De kleine coming-of-age-film The Kings of Summer, vorig jaar uitgekomen in de VS en Groot-Brittanië, heeft ondanks een nominatie op het Sundance Film Festival niet het Kanaal kunnen oversteken. En dat is jammer, want hij verdient een plaats op het lijstje ‘Tien Beste Zomerfilms’. De film is klein, zoals gezegd: drie, vier tieners en wat ouders; een verhaal dat vijf, zes weken bestrijkt; één hoofdlocatie, namelijk de bossen van Ohio.
The Kings of Summer is geloofwaardig, ontroerend, zonder moraliserend te worden
Echter, wanneer er niets buitenaards of buitenissig in een film te zien is, moet de aantrekkingskracht van elders komen. De regisseur Jordan Vogt-Roberts is er in geslaagd om van de jongeren zelf de focus te maken, hun binnen- en hun buitenwereld, waarbij dieren, natuur, kleuren, muziek gebruikt worden om de lading en de kracht van hun emoties in beeld te brengen. Dromen, verdriet, uitgelaten vreugde, alles heeft zijn kleur en kader, soms met een adembenemend resultaat, zoals het korenveld de morgen nadat Joe een blauwtje heeft gelopen.
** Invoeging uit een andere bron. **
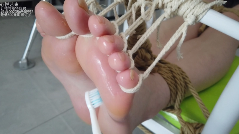 好嘛,不得不承认我是个死足控。筱筱这个脚丫怎么玩都不腻啊。紧缚上身和美腿,把一根根脚趾都固定在凳子上。一点挣扎余地不给留,抹上润滑油用道具挠痒痒。挣扎的好厉害,废了一个凳子哈哈。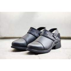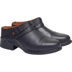 100% nahkapäällysteiset kengät, joissa iskunvaimentavat liu'un estämät kumipohjat. Kantapäässä sijaitseva nahkainen nauha takaa kengän paikallaan pysymisen käyttäessä. Voit myös kääntää nahkanauhan jalkapöydän päälle, jolloin kenkä on helposti jalkaan sujautettava.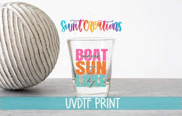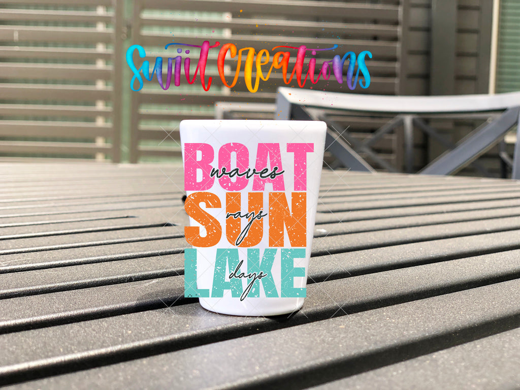 Boat Wave Sun Rays Lake Days UV DTF Shot Glass Transfer | SG850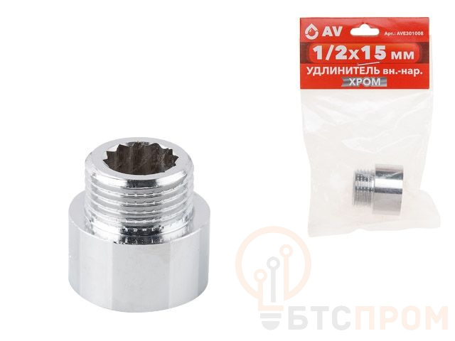 Удлинитель 1/2" вн.-нар. х 15 мм усиленный ХРОМ, AV Engineering (инд. упак.) (Латунь, макс. 16 бар, макс. 110 °С) AVE301008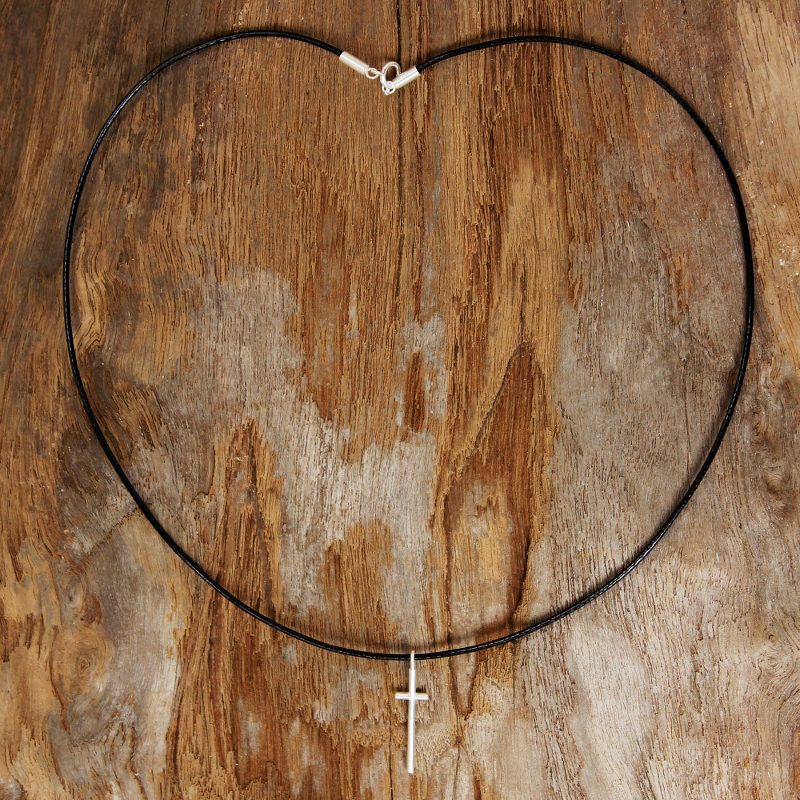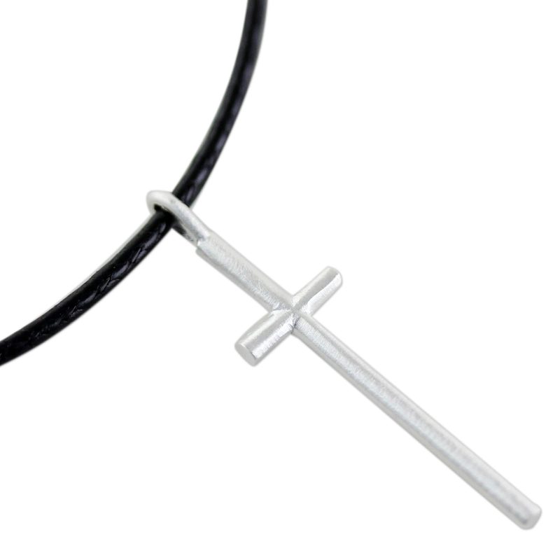 This cross is just what I wanted. A simple statement of faith that I could wear. The nylon cord is a little stiff and was curled up making it difficult to hang properly at first. I stretched the cord out for a couple of days to uncurl it and it started to hang fine. Perhaps a bit less stiff cording would make such a small and delicate cross hang a little better. For the price it is a very nice item and well styled.

Joe dus (Nick Robinson), 15 jaar oud, half verweesd, met een norse vader; het meisje waarop hij een oogje heeft, Kelly (Erin Moriarty); zijn beste vriend Patrick (Gabriel Basso), die het ook niet getroffen heeft met zijn ouders; en het rare jongetje Biaggio (Moises Arias): dat zijn de tieners om wie het draait. Nadat eerst een spelletje Monopoly thuis en vervolgens een feest met vrienden uit de hand zijn gelopen, belanden Joe en Biaggio ’s nachts op een mysterieuze, maanverlichte open plek in het bos. De drie jongens besluiten om er een huis te bouwen en van huis weg te lopen.
Onwerkelijk wordt het verhaal nooit – wanneer jagen te moeilijk blijkt, gaan ze kip kopen in de supermarkt – en gekunsteld evenmin. Mocht de film al een defect hebben, dan is het de klaarblijkelijk onweerstaanbare neiging om gewone tieners door (te) knappe acteurs te laten spelen (zie ook de charmante zomerjeugdfilm The Fault in Our Stars van dit jaar). Van binnen echter zijn ze zoals alle jongens van hun leeftijd, en minder verschillend van hun ouders dan ze wel zouden willen. Precies daarom blijft The Kings of Summer geloofwaardig, ontroerend, zonder moraliserend te worden. Joe is Joe, Biaggio is Biaggio, enzovoorts, een paar tieners die een zomer lang een beetje opgroeien, grijnzend en geeuwend, lachend en schreeuwend, met alle intensiteit van hun leeftijd, van het seizoen en de spiegelende natuur.